▶ Your goal
What is needed is every line from the one holding "Versnipperd herboren woorden" to the last line of the data below, printed exactly and without pictures.

▶ The data
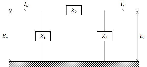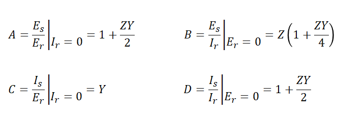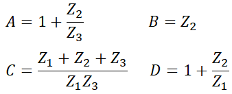 π회로에서의 4단자 정수는 다음과 같습니다.
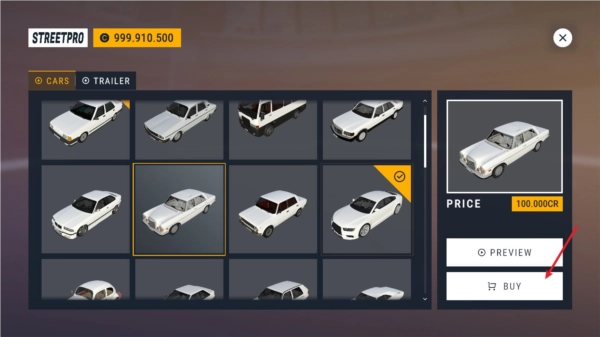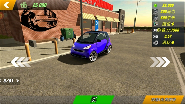 首先从主界面进入车库,这里陈列着多款可供选择的汽车,未解锁的车型需要我们进行购买。
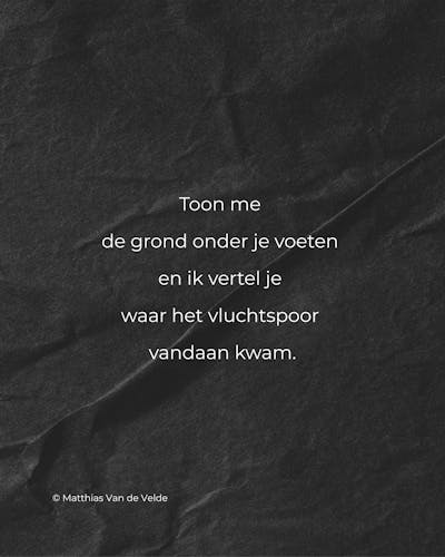 Versnipperd herboren woorden worden geboden, weg naar in of van taal, achterhaald gebaar haalt verassend uit, het einde van een begin, verzonnen gebeden in eer en geweten tot ik de volgende spelregels tover uit een ongekende hoge hoed, wil je meer of was een buiging genoeg?
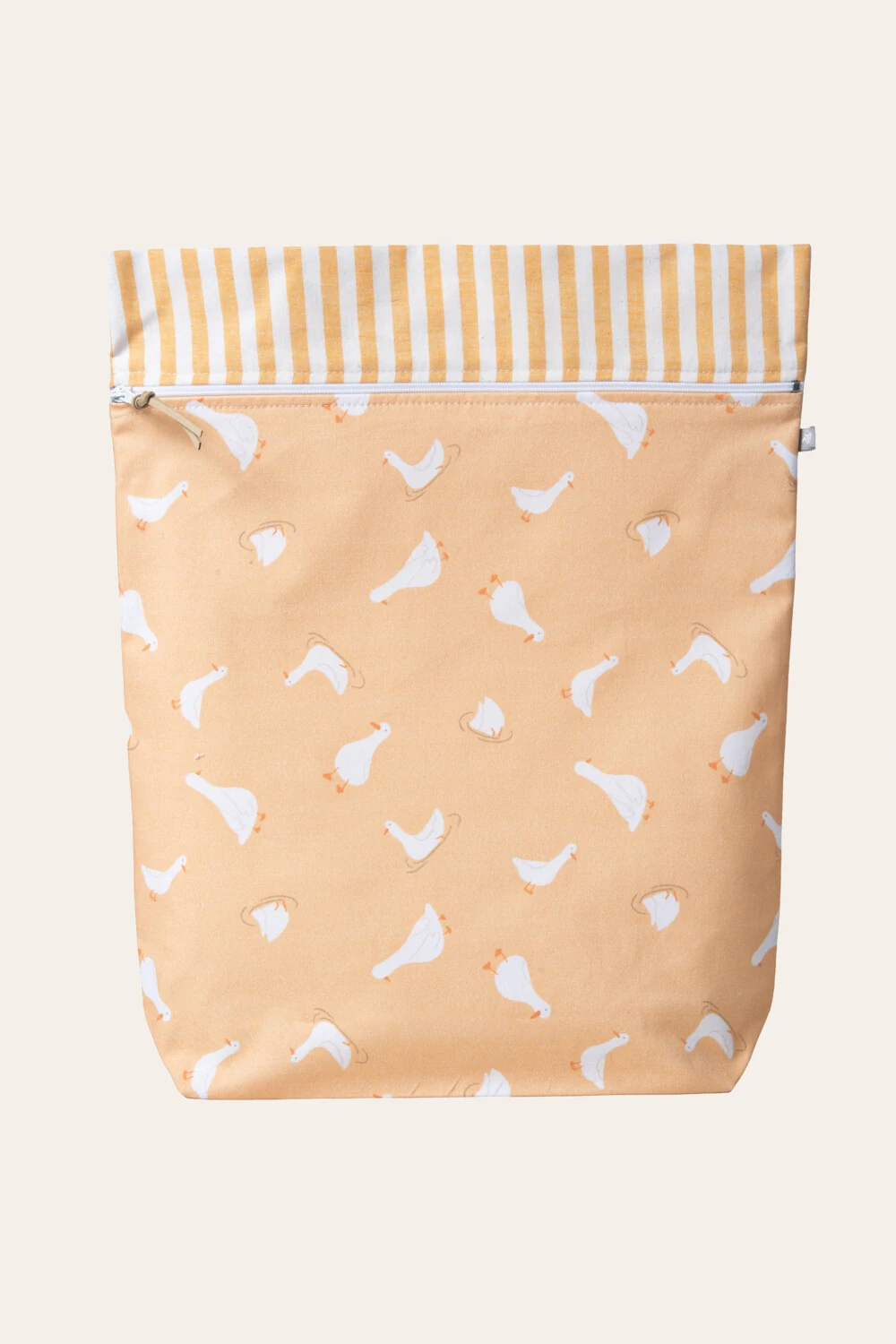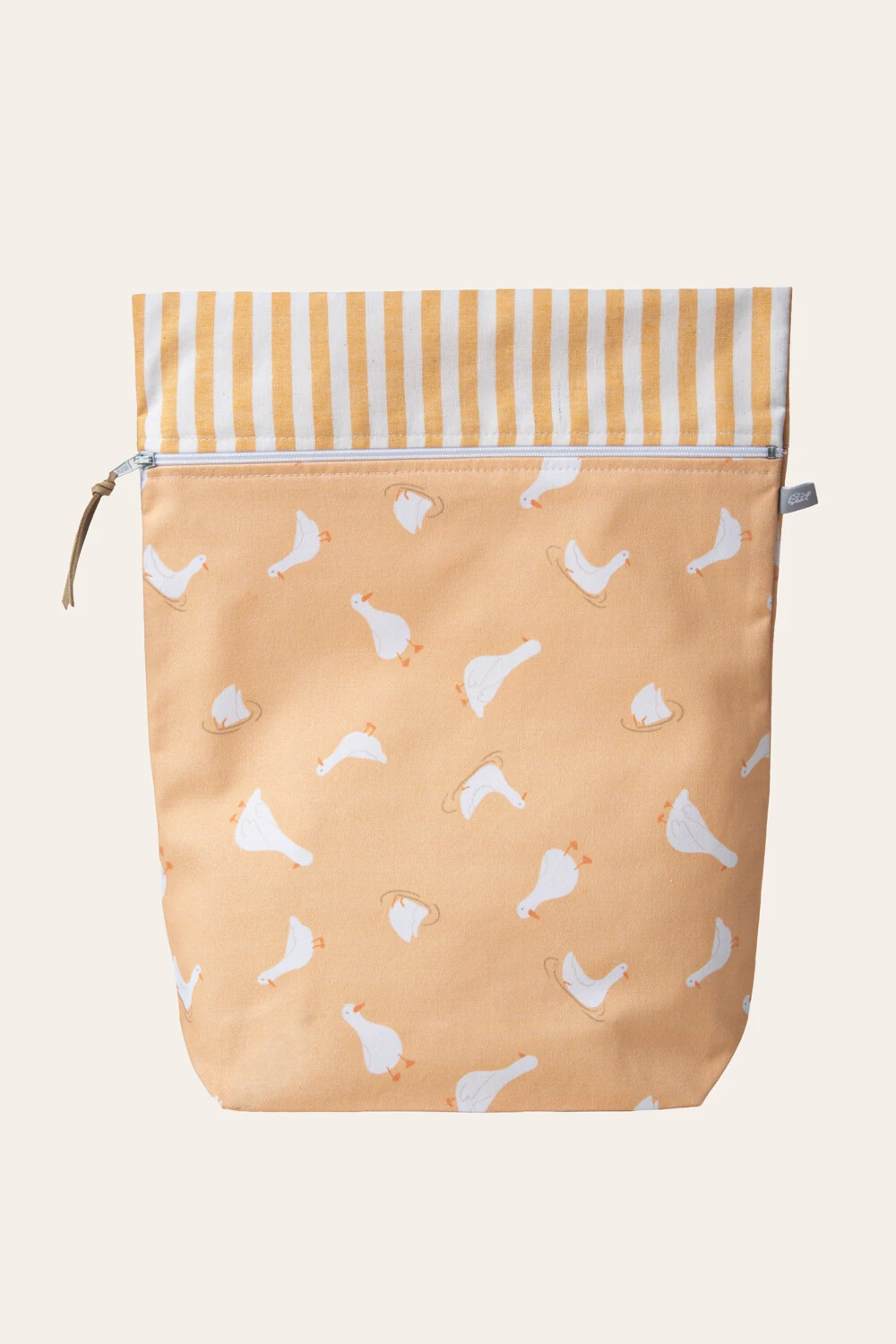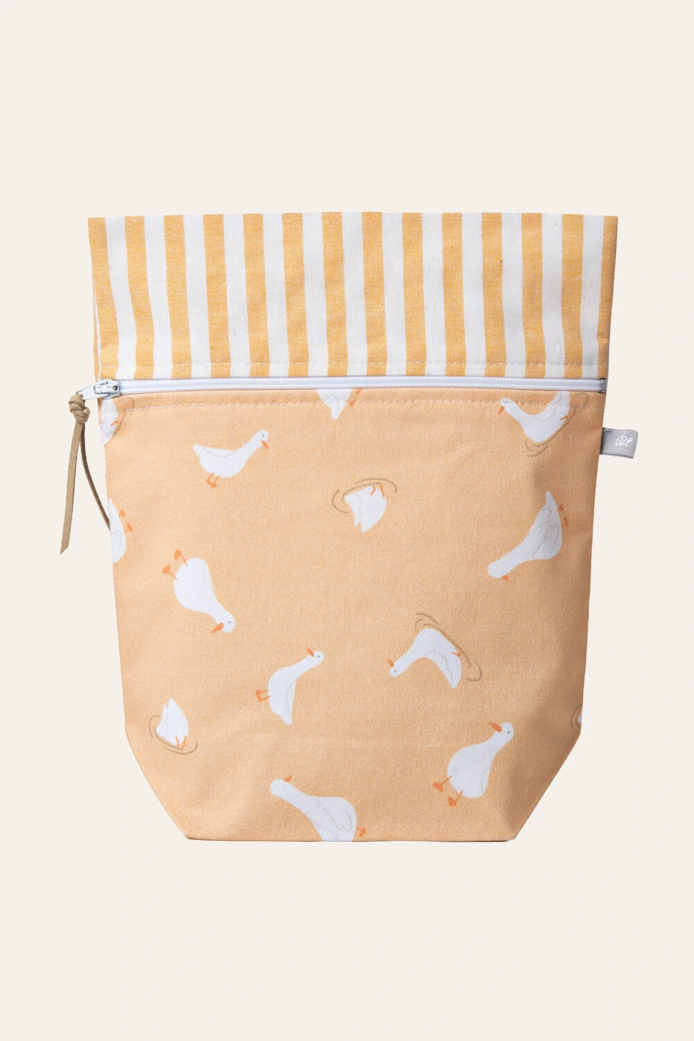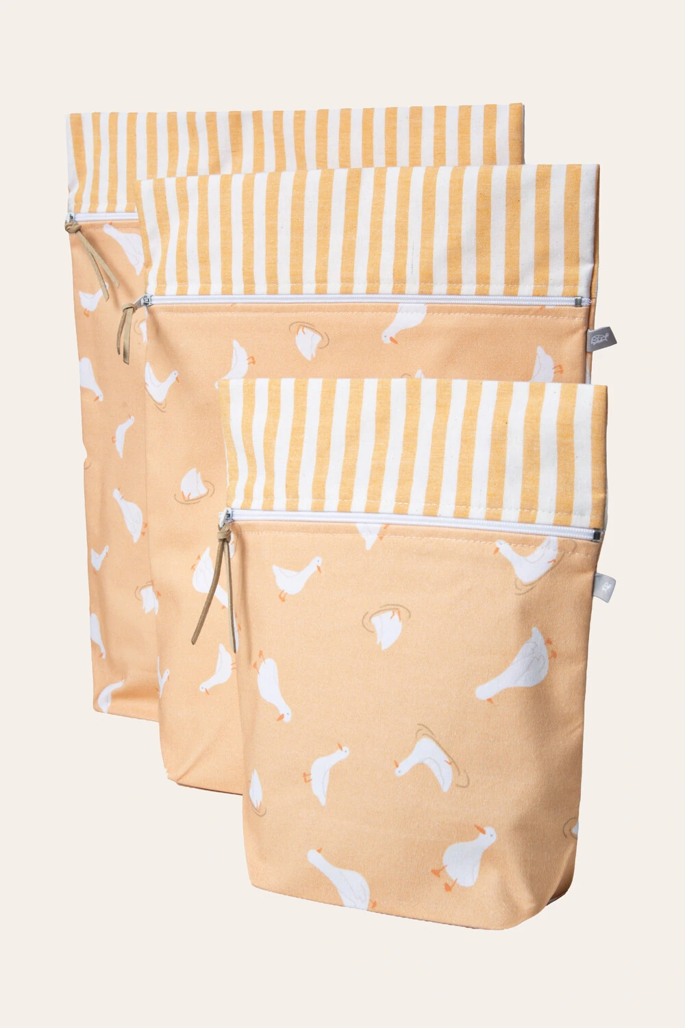 Kit saquinho estampado em sarja, com zíper e interno impermeável, em três tamanhos é perfeito para guardar e organizar as coisas do seu bebê

▶ Exercise result
 Versnipperd herboren woorden worden geboden, weg naar in of van taal, achterhaald gebaar haalt verassend uit, het einde van een begin, verzonnen gebeden in eer en geweten tot ik de volgende spelregels tover uit een ongekende hoge hoed, wil je meer of was een buiging genoeg?
 Kit saquinho estampado em sarja, com zíper e interno impermeável, em três tamanhos é perfeito para guardar e organizar as coisas do seu bebê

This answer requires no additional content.